EXERCISE DIRECTIONS:
The lines below from the one with "Despeje as conchas" up to and including the one with "- 서울대,의대 합격생수" are what you should set down, exactly and without pictures.

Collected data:
# # #

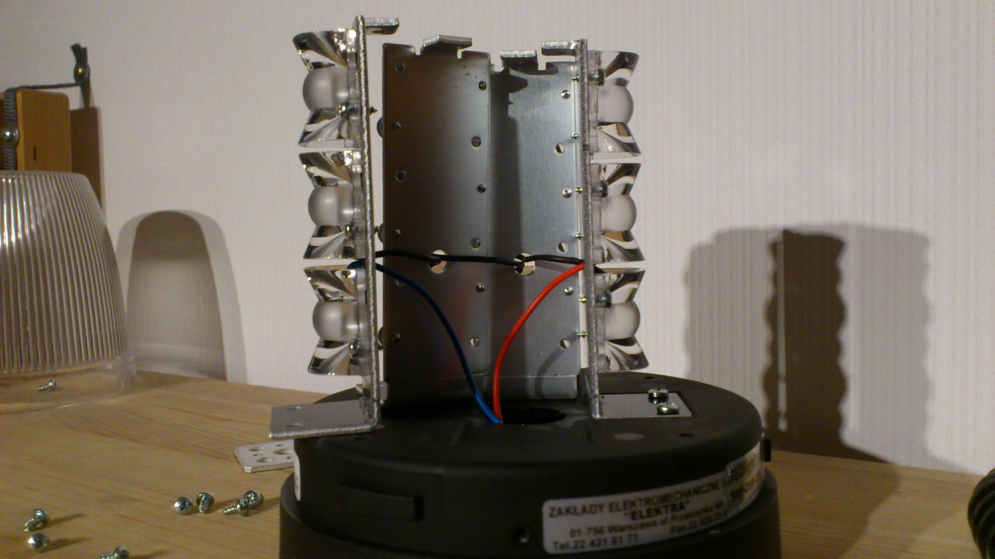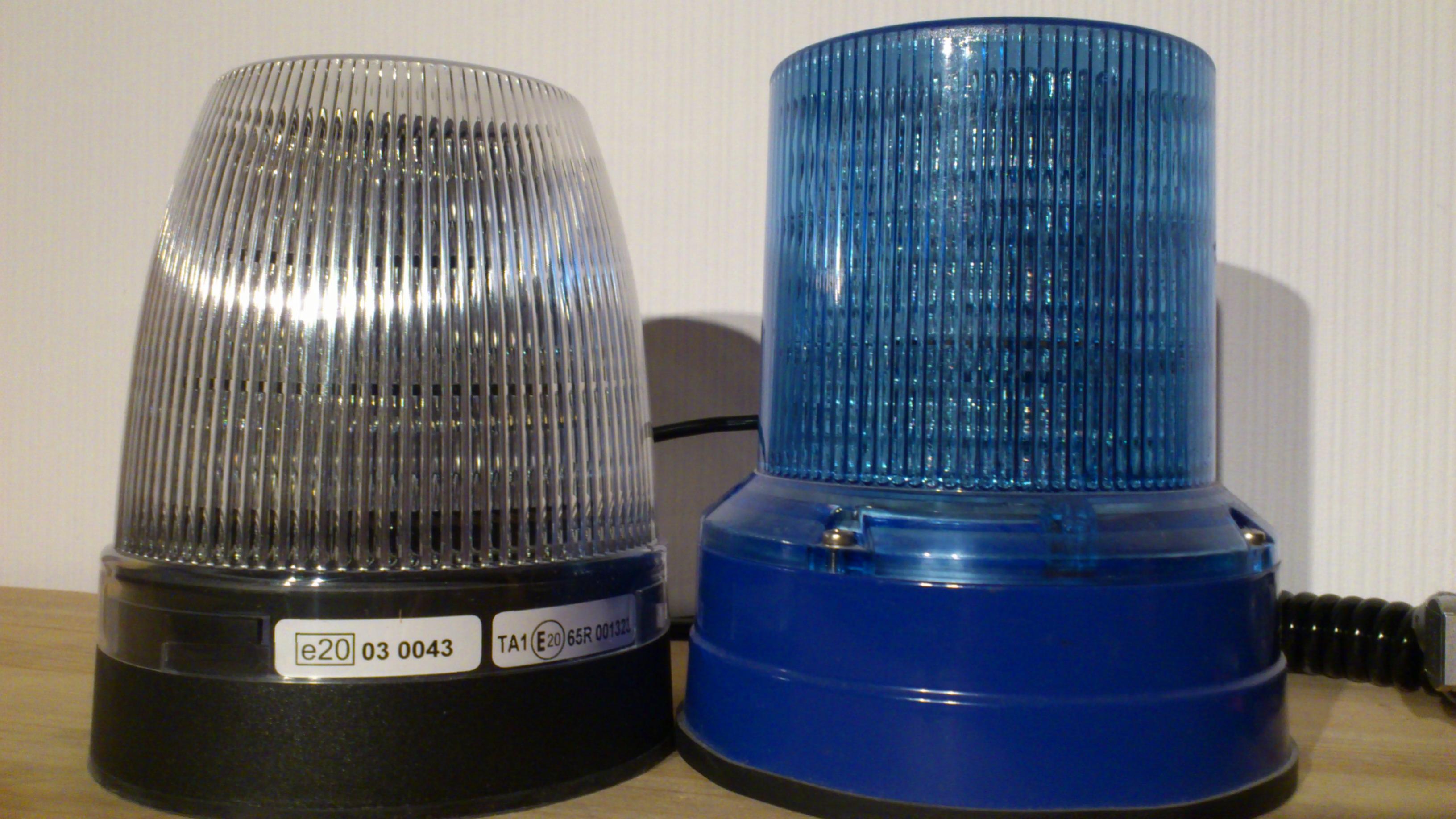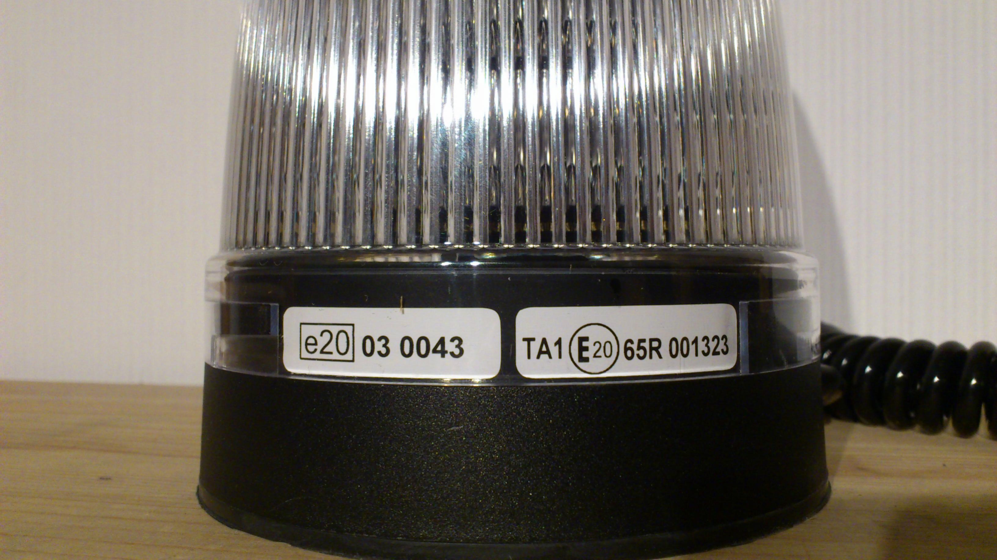 Die Leuchte ist für 12 und 24 Volt Betriebsspannung ausgelegt. Die Stromversorgung erfolgt über ein Spiralkabel mit Glattanteil an der Leuchte. Unausgezogen ist es ca. 105 cm lang, am Ende ist ein Universalstecker angebracht. Die Typenschilder sind am am Gehäuse in Form von Aufklebern angebracht und unter der Lichthaube gut lesbar. Angaben zum Hersteller: Die e- und ECE-R65 Zulassung: Angaben zum Hersteller und dem Produktionsdatum (29.03.2014): Die Lichthaube ist durch drei Aufnahmen mit dem Gebäuse verbunden und lässt sich nach dem Entfernen der Sicherungsschraube durch eine kurze Drehung gegen den Uhrzeigersinn abnehmen. Oben auf der Lichthaube wiederholt sich die ECE-R65 Zulassung "TA1 E20 [im Kreis] 001323". Weiter fällt auf, dass die Lichthaube nach oben nicht klar, sondern milchig / trübe ist. An der Unterseite des Leuchtengehäuses sind unter dem schwarzen Kunststoff vier runde Magneten erkennbar. Sie halten die Leuchte lt. Hersteller bis zu einer Geschwindigkeit von 280 km/h. Nach dem Entfernen der Lichthaube ist die Lichtquelle der Leuchte erkennbar. Jeweils drei LED mit einer Linse sind übereinander im 90° Winkel angeordnet. Drei Linsen sind jeweils an einem L-förmigen Träger angebracht. Unter der untersten Linse ist "LM-3.1 CCA V2 ELEKTRA" zu lesen. Auf diesem Bild ist deutlich erkennbar, dass die Linsen im mittleren Bereich nicht klar sind, sondern eher milchig / undurchsichtig. An der Oberseite sind die Träger mit einem viereckigen Metallstück verbunden, das für Stabilität und vermutlich auch Wärmeableitung sorgt. Nach dem das Metallstück oben abgebaut und die Verschraubung zweier Träger am Leuchtengehäuse gelöst wurde, ist erkennbar, dass jeweils drei LED zu einer Baugruppe zusammengefasst sind und die vier Gruppen augenscheinlich in Reihe geschaltet sind. Weiter lässt sich die LBL-20K1N leider nicht zerlegen, so dass der Blick auf die Platine im Gehäuse verborgen bleibt. Mit einer Höhe von 140 mm und einem Durchmesser von 120 mm ist die LBL-20K1N sogar noch etwas kleiner als die Movia D LED. Die Leuchtfläche beider Leuchten dürfte jedoch annähernd gleich groß sein. Hier ein Vergleich der Linsen beider Leuchten. Meine LBL-20K1N leuchtet orange, das Signalbild ist ein schneller Vier(?)fachblitz, gefolgt von einer längeren Pause. Auch eine gewisse Mißweisung lässt die LBL-20K1N zu, jedoch lässt die Wahrnehmbarkeit des Signals außerhalb des Fokus schnell deutlich nach. Ein interessanter optischer Effekt ist mir noch aufgefallen: Auf kurze Entfernung wirkt das Signalbild wie ein Blinken, aus der Entfernung ist der Vier(?)fachblitz deutlicher erkennbar. Ich habe mich bei der Anschaffung dieser Leuchte bewusst für das Modell mit der klaren Lichthaube entschieden, da sie mir optisch besser gefiel. Nachdem ich bereits eine LBL-20K1N mit oranger Haube in freier Wildbahn erlebt habe, muss ich nun für mich feststellen, dass mit der klaren Haube die Warnwirkung deutlich besser erscheint. |
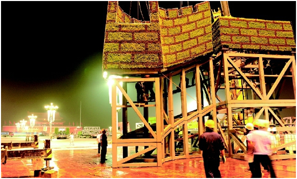 在景觀花壇的運輸及安裝過程中,為確保按時限要求,在8月11日夜間順利完成鋼結(jié)構(gòu)件的轉(zhuǎn)場作業(yè),首建集團精心準備,先后進行了三次線路勘察,并把車輛高度嚴格控制在4.65米范圍內(nèi),確保符合沿途路橋的通過極限要求。8月11日晚8點半,滿載著景觀花壇鋼結(jié)構(gòu)構(gòu)件的十四輛大型拖車從西集出發(fā),經(jīng)過近4個小時的行程,平穩(wěn)地陸續(xù)駛?cè)胩彀查T廣場內(nèi)的指定位置,在專業(yè)人員的引導(dǎo)下,進入鋪設(shè)好竹膠板和枕木墊塊的花壇擺放核心區(qū)域。隨后,在清脆的指揮哨音中,操作人員按照事先預(yù)定的施工方案,分頭完成構(gòu)件掛鉤、調(diào)整構(gòu)件姿態(tài)、找構(gòu)件碼放位置、解鉤等一系列動作。8月12日0點54分,第一鉤花壇底座平穩(wěn)落地。到早晨6點50分,這組花壇19塊鋼結(jié)構(gòu)中最后的兩塊被平穩(wěn)地吊裝到位,順利完工。
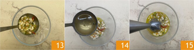 Despeje as conchas de sopa em uma tigela 13 com uma concha de caldo 14, bata com o mixer de imersão 15.
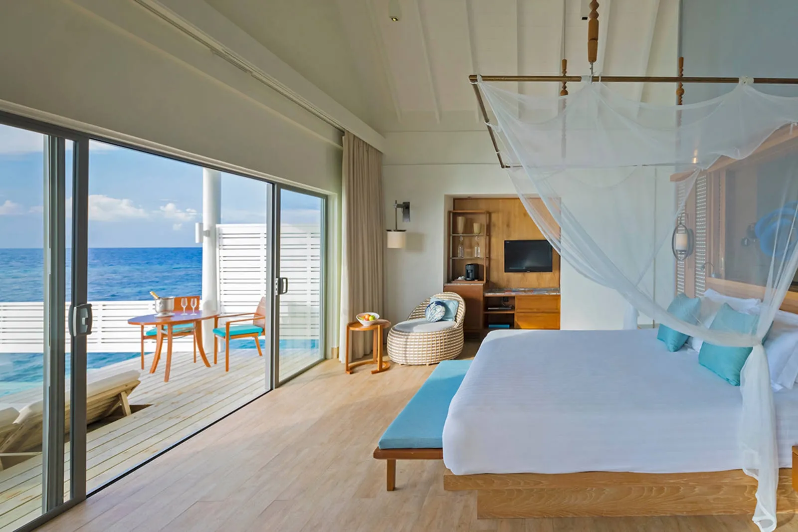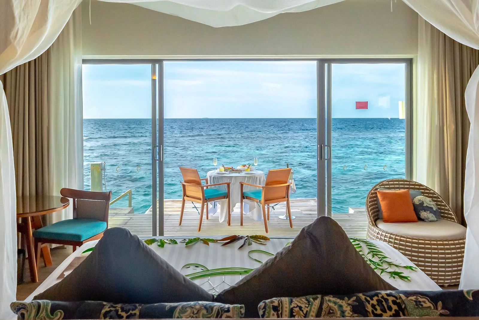 Surround yourself in brilliant blues in an overwater villa, where you can wake up to stunning sunsets over the horizon. Adorned with fresh, all-white interior design with pops of bright tropical hues, the 86-sqm living space features a private sundeck that gives you direct access to the warm, azure lagoon.
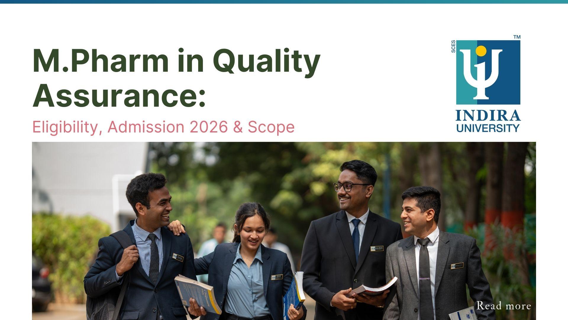 Choosing an M.Pharm in Pharmaceutical Quality Assurance from Indira University’s School of Pharmacy is a strategic decision for students who want to become quality stewards in the pharmaceutical industry. With clear eligibility standards, a structured admission process for 2026, vast career opportunities, and an expanding future scope, this course primes you for a fulfilling and impactful career.
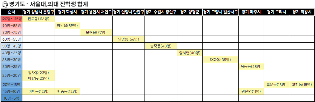 - 서울대,의대 합격생수 랭킹는 성남 판교동(116명) > 화성 향남읍(89명) > 용인 모현읍(77명).. 순입니다.
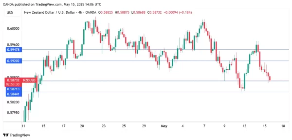 The New Zealand dollar is down for a second straight day. In the North American session, NZD/USD is trading at 0.5872, down 0.45% on the day.
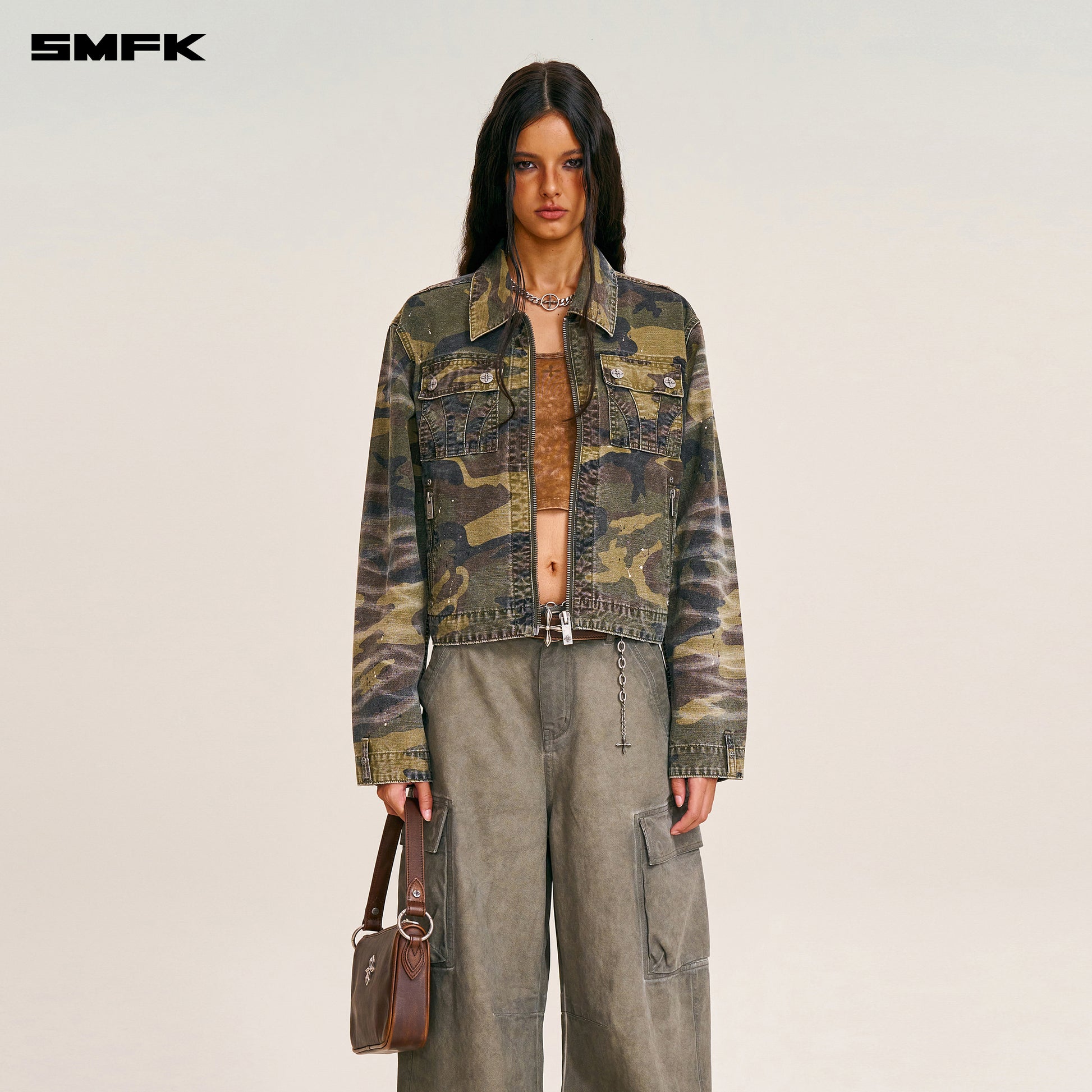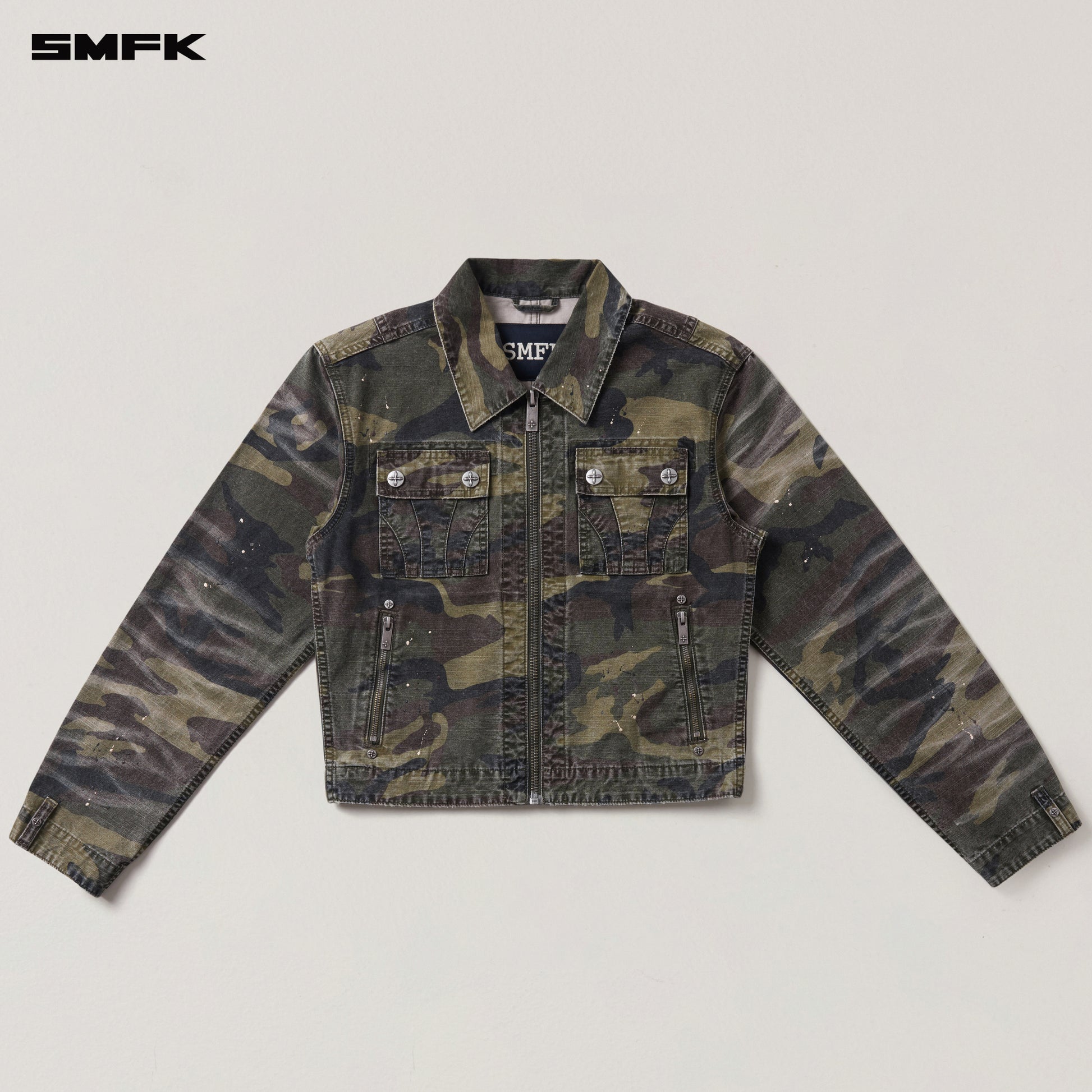 SMFK's RAGE Handcrafted Series, designed in 2025. Fitted utility jacket with a precise mid-length torso and signature SMFK elongated sleeve silhouette. Features three-panel back construction. Fine-grained military green camouflage utility cotton, manually distressed after natural sun-drying to emulate the rugged, authentic texture of workwear.
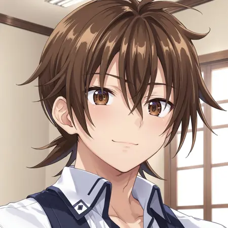 Issei hyodou, Brown hair, Brown eyes,Hair between the eyes, Fit body,
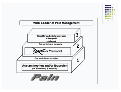- “By the ladder” Enabling a stepwise approach to treatment commencing with non–opioids and increasing to strong opioids (Figure 1). The level at which a child enters the ladder is determined by the child’s needs, the intensity of pain and response to previous treatment
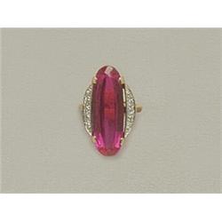 14 K gold, big oval form synthetic ruby flanked by 10 brilliants circa 0.40 ct (R2CrSi), circa 1940, unmarked, diameter: 17 mm, weight: 9.1 g, worn stone.
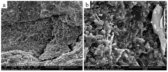 Asphaltite is a degradation product of aquatic lower planktonic algae and bacteria, possessing a strong hydrocarbon-generating capacity. It typically exists in a symbiotic relationship with authigenic minerals. Asphaltite is molded by minerals into irregular shapes or compressed into flat, smooth surfaces (Figure 2n). Furthermore, the mineral–bituminous matrix refers to a mixture derived from the sedimentary–diagenetic stage, which includes primary or contemporaneous finely dispersed organic matter encapsulating nano-sized minerals (Figure 2o). Alginite is defined as the remains of aquatic planktonic lower organisms with unicellular or multicellular biological structures [25]. They are common microfossils [32] and represent one of the significant hydrocarbon source materials. The late Sinian to early Cambrian period witnessed an unprecedented proliferation of microbial and algal organisms. The continuation of this ecological characteristic has led to the widespread development of microbial and algal structures within the lower Paleozoic shales, particularly in the lower Cambrian formation. Scanning electron microscopy at approximately 5000 x magnification allows for the observation of the complete morphology of individual microbial and algal structures, their surface ornamentation, etc., (Figure 2p).
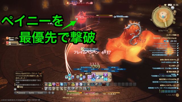 途中でポップする雑魚ですが、一定時間すると大爆発する“ペイニーボム”から優先して倒しましょう。
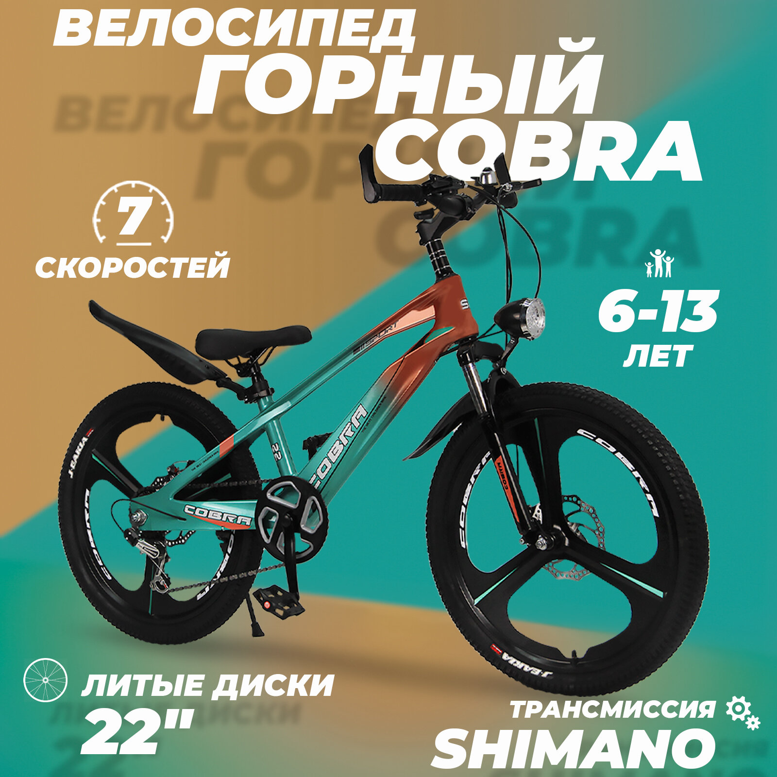 Ниже Вы можете прочитать отзывы на Велосипед детский скоростной Cobra 22" зеленый, 6-13 лет, 7 скоростей, фара в комплекте, ознакомится с подробными характеристиками, посмотреть интересные обзоры и фотографии на Велосипед детский скоростной Cobra 22" зеленый, 6-13 лет, 7 скоростей, фара в комплекте.

# # #

EXPECTED ANSWER:
 Despeje as conchas de sopa em uma tigela 13 com uma concha de caldo 14, bata com o mixer de imersão 15.
 Surround yourself in brilliant blues in an overwater villa, where you can wake up to stunning sunsets over the horizon. Adorned with fresh, all-white interior design with pops of bright tropical hues, the 86-sqm living space features a private sundeck that gives you direct access to the warm, azure lagoon.
 Choosing an M.Pharm in Pharmaceutical Quality Assurance from Indira University’s School of Pharmacy is a strategic decision for students who want to become quality stewards in the pharmaceutical industry. With clear eligibility standards, a structured admission process for 2026, vast career opportunities, and an expanding future scope, this course primes you for a fulfilling and impactful career.
 - 서울대,의대 합격생수 랭킹는 성남 판교동(116명) > 화성 향남읍(89명) > 용인 모현읍(77명).. 순입니다.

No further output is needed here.